By Lawrence Perret-Hall, Director at CYFOR Secure, discusses
According to research from Allianz, cyber incidents are now considered the top risk for businesses across the globe. While attacks on household names like Uber grab headlines, lower value but equally disruptive attacks are becoming increasingly commonplace for SMEs. Many small businesses are still operating under the assumption they will not be targeted by hackers despite the fact that more than a fifth (21%) of SMEs have suffered a cyber incident in the past 12 months. However, over a third (34%) have no cyber insurance cover.
Rising cyber insurance premiums do not help the situation. Insurance cover has become both more expensive and less exhaustive due to cyberattacks that have increased in severity and frequency. As a result, many organisations are simply being priced out of insurance. However, there are steps that SMEs can take in collaboration with the security industry and insurers to reduce the cost of their cyber insurance and bolster their security posture.
Insurance is an effective risk management tool, but it can often be a reactive measure. In reality, a proactive cyber strategy is crucial to minimising one of the greatest security risks: people.
Awareness training programmes and phishing simulations are effective tools for securing an organisation against attacks. Phishing is one of the most common threats, yet training staff on how to spot a malicious email is one of the easiest ways to manage cyber risk while helping to promote a culture of shared responsibility. SMEs should also establish a back-ups strategy, ensuring their data back-ups are updated regularly and spread across different locations. These relatively simple steps won’t big a huge investment, yet they can demonstrate to insurers that cybersecurity is taken seriously. An organisation proactively managing risk appetite therefore becomes a more attractive prospect to insurers, and premium prices will be reduced.
Collaborate with industry
Managed security service providers (MSSPs) offer valuable support to SMEs looking to boost their cyber hygiene, reduce insurance costs but without in-house resource to do so themselves. For example, MSSPs can help small businesses create an incident response (IR) plan. A strong IR plan that is readily deployable in the event of a cyberattack means breaches are responded to as soon as possible and disruption is minimised.
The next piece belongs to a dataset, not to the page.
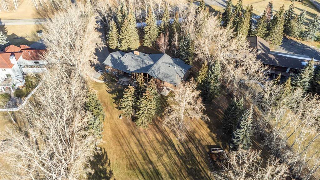 Welcome to this exquisite 2.03 ACRE, custom south facing BUNGALOW on the coveted street of Bearspaw Village Ridge (only minutes from the city limits)! Nestled behind a secure gate, this property ensures an unparalleled level of PRIVACY along with a lovingly landscaped, park-like yard (there is even an area for a skating rink at the back of the property past the current fence)! Upon entering the home through the grand foyer, prepare to be enchanted by the impressive vaulted ceiling with floor-to-ceiling windows that bathe the home in natural light, framing the stunning scenery beyond. Architectural details, such as curved archways and wooden beams, add a touch of charm and character to every corner. This stunning 5 bed, 3.5 bath home spans 2,822 sq ft with a captivating open-concept design, perfect for hosting gatherings. And to help with the entertaining, there is a large renovated chef's kitchen with granite countertops that connects perfectly with the dining room. A cozy wood-burning fireplace adds warmth and ambiance to this open living space. The main level also hosts three generously sized bedrooms, including a luxurious primary bedroom with a 4-piece ensuite WITH HEATED FLOORS, steam shower and an expansive walk-in closet. A 2-piece powder room, mudroom, main floor office and thoughtfully designed laundry room complete this level, ensuring practicality meets luxury. The fully finished basement offers additional living space, featuring a family room with a gas fireplace, a spacious rec room, a fourth and fifth bedroom, a 4-piece bathroom, and ample storage. This home even has laundry on both levels! The attached HEATED triple car garage offers even more built in storage providing further convenience. Recent UPGRADES include a new roof with leaf filter, air conditioning (2 zones total), and 2 new hot water tanks. If you enjoy BBQing, then the outdoor back porch haven awaits, encouraging you to embrace the joy of nature in your own backyard. The highlight is a stunning tiered deck and patio combined with a firepit—an area calling for both relaxation and entertainment as you soak in your private oasis. This home offers the space and privacy of acreage living while being conveniently located in the Northwest, close to essential amenities such as the LRT, Crowfoot shopping, and the majestic Rockies.
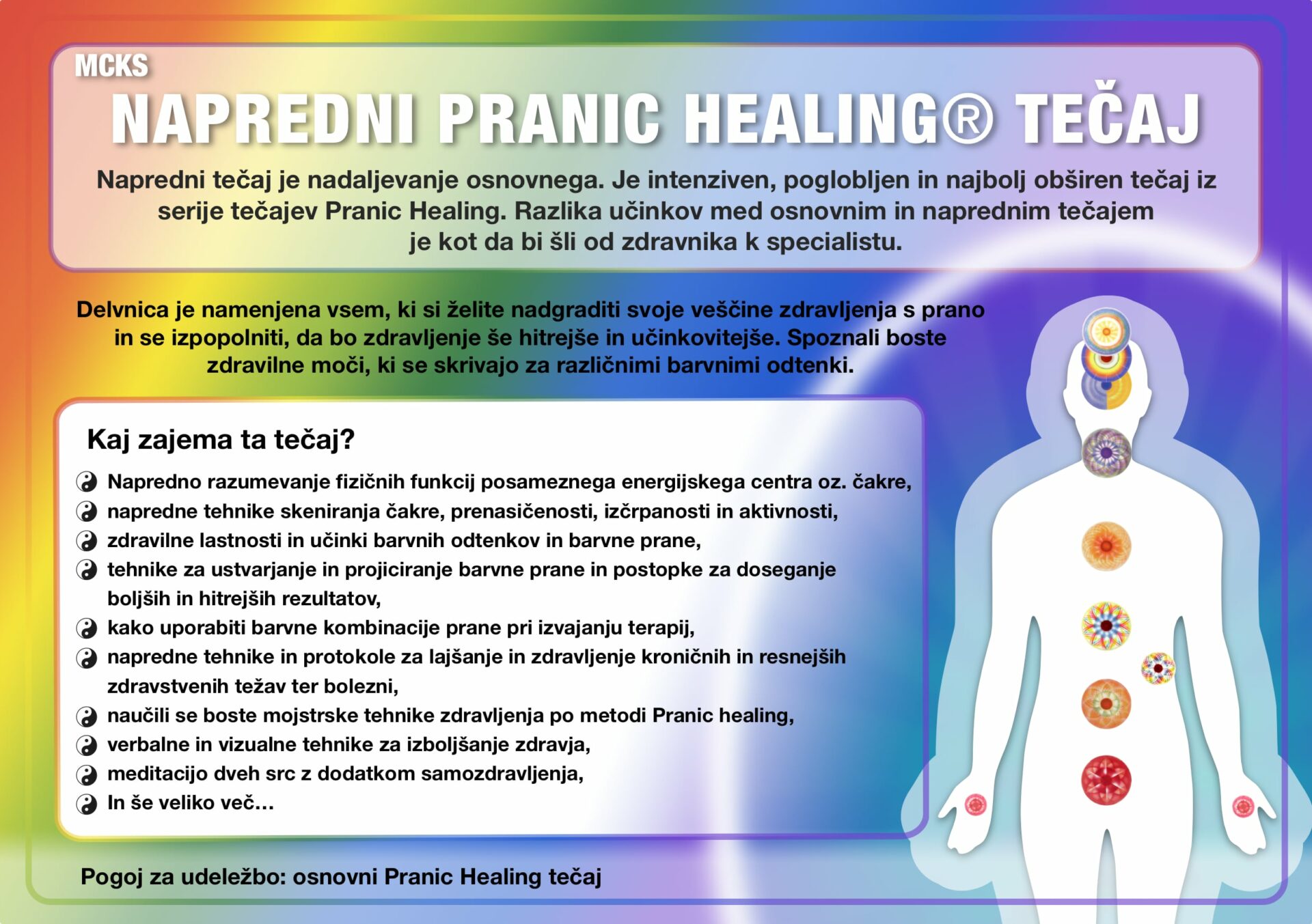 Napredni tečaj je nadaljevanje osnovnega. Je intenziven, poglobljen in najbolj obširen tečaj iz serije tečajev Pranic Healing. Razlika učinkov med osnovnim in naprednim tečajem je kot da bi šli od zdravnika k specialistu.

For IR plans to work effectively, MSSPs and businesses should look to collaborate from the earliest stage of their relationship. Again, proactivity is key here. Rather than engaging experts reactively, once an attack has occurred, third parties should be onboarded early in order to gain familiarity with company systems and learn its network. As a result, the response to a cyber-attack can go from hours to minutes. What’s more, MSSPs can guide smaller businesses through the cyber insurance process and ensure they have all the measures in place to demonstrate good cyber hygiene.
Embrace new solutions
Currently, quantifying risk in cyber insurance is difficult; attacks are increasing and no business is ever completely secure. However, if insurers utilise information from vulnerability scanning tools, they can receive a more accurate depiction of their customer’s security posture. These assessments enable businesses to detect and respond to weaknesses before cybercriminals have a chance to exploit them, and can also include Dark Web monitoring to detect if a business’ credentials are for sale.
This solution, often delivered by MSSPs, can also offer valuable insight into the progress of an organisation’s cyber strategy. This can be whether or not, for example, they have reduced the number of vulnerabilities across their network. With this, insurers should be able to more accurately evaluate risk, price premiums and reward good security practices with less expensive plans.
Cyberthreats will undoubtedly continue to cause chaos in 2023 and SMEs need to ensure that they have a long-term protection plan. With tighter budgets, it’s worth considering a cyber retainer to make costs much more manageable. A retainer for cybersecurity can guarantee return on investment. Any money not spent on incident response is put towards improving a company’s overall cybersecurity posture. The cost of a retainer can be planned and budgeted for, while also demonstrating a continued proactive approach to cybersecurity.
Cybercriminals are rarely indiscriminate – they will simply choose their easiest and most lucrative target. However, when SMEs work collaboratively with security experts, they can prove that they are a low-risk enterprise. In doing so, they can reduce insurance costs and, crucially, minimise the impact of a data breach.